Use o simulador do Meu INSS para calcular tempo de contribuição e estimativa de benefício em 2026, com reajuste de 3,9% nos benefícios acima do salário mínimo, novo teto e regras de transição
O INSS atualizou valores e endureceu critérios de aposentadoria para 2026, o que exige planejamento dos trabalhadores que se aproximam do benefício. A ferramenta do Meu INSS permite simular cenários e estimar o valor e o tempo que ainda falta contribuir.
O simulador usa os dados que constam na base do instituto e já foi adaptado às regras deste ano. A estimativa serve para consulta e orienta quando começar a reunir documentos e provar tempo de contribuição.
Para entender as mudanças no teto, no reajuste e nas regras de transição, e como o simulador pode ajudar no seu planejamento, confira as explicações a seguir, conforme informação divulgada pelo g1
Como funciona o simulador do INSS
O simulador está disponível no site e no aplicativo Meu INSS, ele estima o tempo de contribuição e o valor do benefício com base nos registros do instituto. O simulador já considera as regras de 2026, mas o resultado gerado vale somente para consulta e não garante o direito à aposentadoria.
Importante, esse último serviço, no entanto, apenas é feito para os segurados que estão a, no máximo, cinco anos de adquirir o direito à aposentadoria. Quando a simulação indicar que o segurado atingiu os requisitos em alguma categoria, ele pode entrar com o pedido no INSS para verificar o direito.

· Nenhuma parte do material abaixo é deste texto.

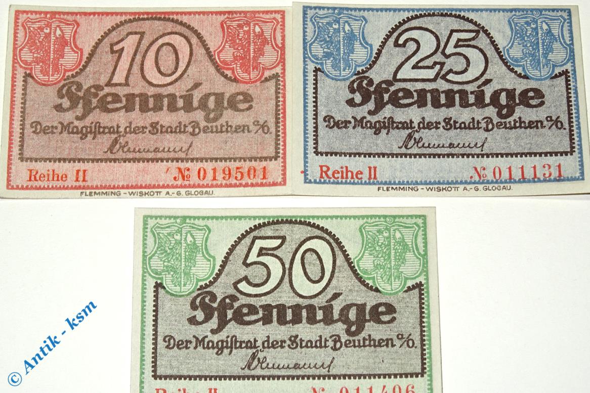 Notgeld Beuthen , Satz mit 3 Scheinen , Tieste 0570.10.05-07 , Schlesien Verkehrsausgabe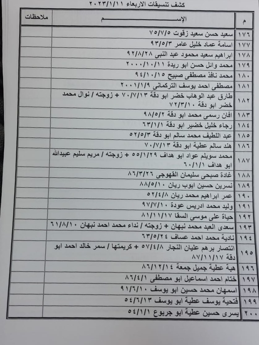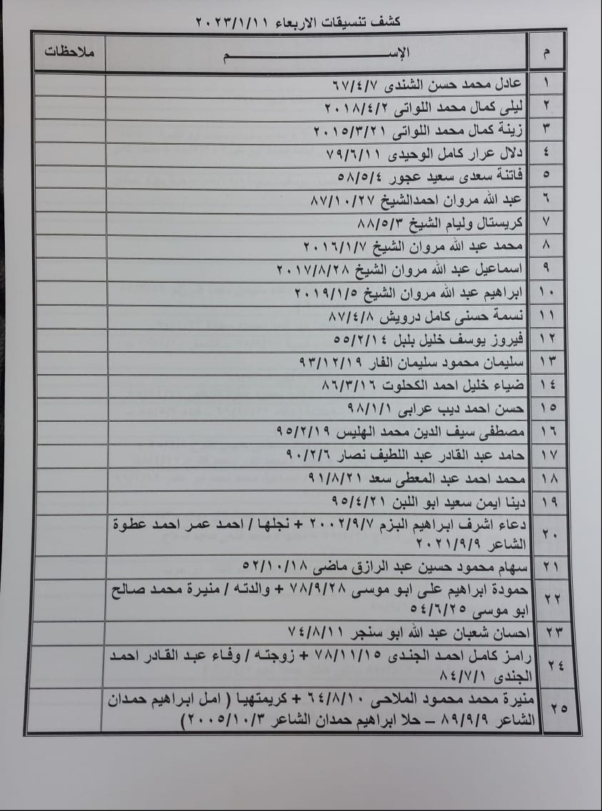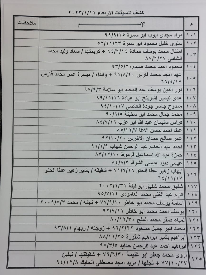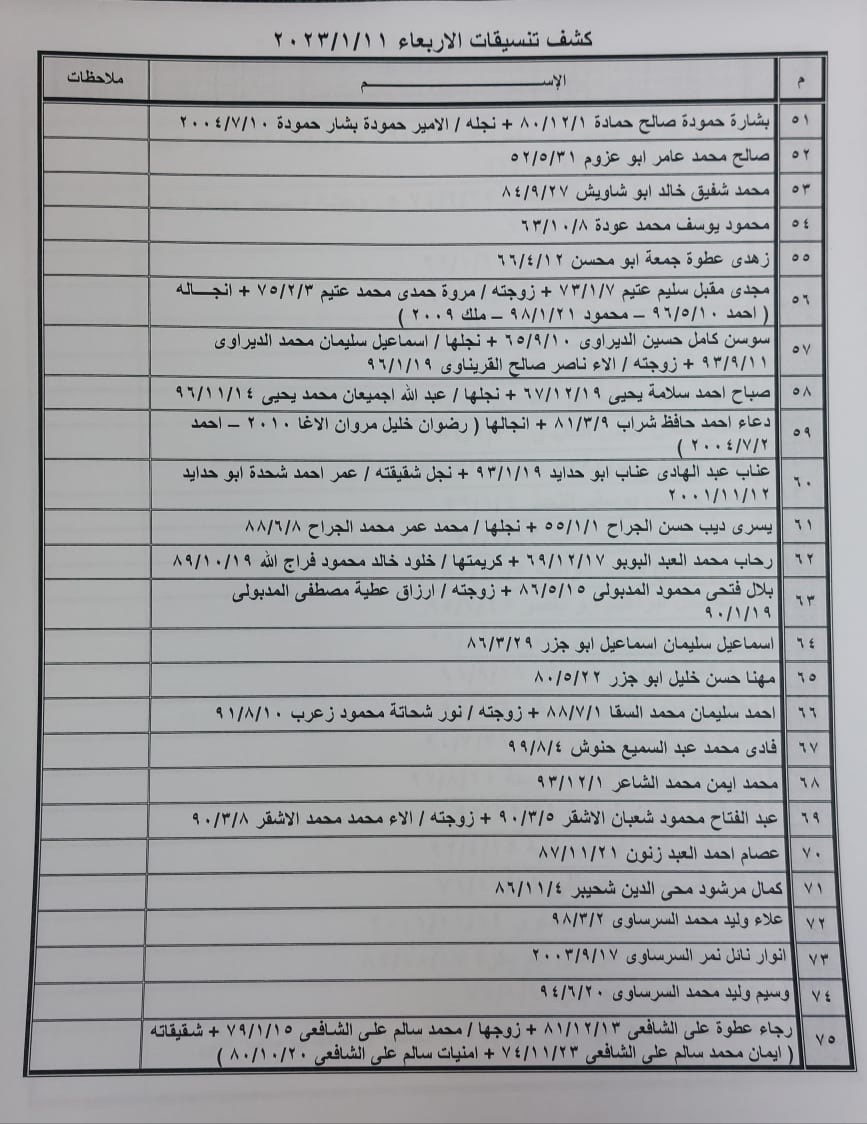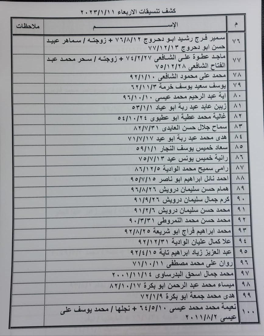 تعلن الهيئة العامة للمعابر والحدود بوزارة الداخلية والأمن الوطني عن وصول كشف "تنسيقات مصرية" للسفر عبر معبر رفح البري يوم الأربعاء (11 يناير)، والذين عليهم التواجد س 7:00 صباحاً في الصالة الخارجية للمعبر لتسهيل سفرهم.

O que mudou nos valores em 2026
O INSS iniciou 2026 com reajuste de 3,9% para benefícios acima do salário mínimo. O teto dos benefícios do INSS sobe de R$ 8.157,41 para R$ 8.475,55, o que impacta a faixa máxima dos pagamentos.
Esses números alteram a projeção do benefício estimado pelo simulador, especialmente para quem tem salários mais altos, e devem ser considerados ao avaliar quando requerer a aposentadoria.
Regras gerais e transição em 2026
A regra geral exige que mulheres se aposentem com idade mínima de 62 anos, e pelo menos 15 anos de contribuição. Para homens, são 65 anos de idade e 20 de contribuição. Essas são as regras de base, vigentes para pedidos novos.
Para quem já contribuía antes da reforma de 2019, há regras de transição que mudam anualmente até 2031. Em 2026, a idade mínima para solicitar a aposentadoria sobe seis meses em relação ao ano anterior, com mulheres precisando ter, no mínimo, 59 anos e seis meses, e homens, 64 anos e seis meses.
Além disso, o tempo mínimo de contribuição é de 30 anos para as mulheres e de 35 para os homens. Também há alterações na regra dos pontos, com a pontuação mínima exigida sendo 93 para mulheres e 103 pontos para homens.
Regras de pedágio e exemplos práticos
A transição traz modalidades diferentes, como o pedágio de 50% e o pedágio de 100%. No pedágio de 50% a idade mínima exigida é de 57 anos para mulher e de 60 anos para o homem, ele aplica metade do tempo que faltava quando a reforma entrou em vigor.
EXEMPLO: Um trabalhador que já havia contribuído por 33 anos e que, antes da reforma da Previdência, tinha apenas mais 24 meses de contribuição pendentes, terá de trabalhar por mais 12 meses. Já o pedágio de 100% exige cumprir integralmente o tempo pendente, e pode resultar em benefício maior.
O que fazer se os dados estiverem incorretos
O simulador usa as informações registradas no INSS, por isso é fundamental checar histórico de vínculos e contribuições. Se constatar dados incorretos, a orientação é buscar correção junto ao instituto e, se necessário, procurar um advogado especializado em direito previdenciário.
Lembre-se, a simulação é ferramenta de planejamento, ela não substitui o processo oficial. Quando a simulação indicar elegibilidade, o pedido formal no INSS é o passo seguinte para confirmar o direito e o valor do benefício.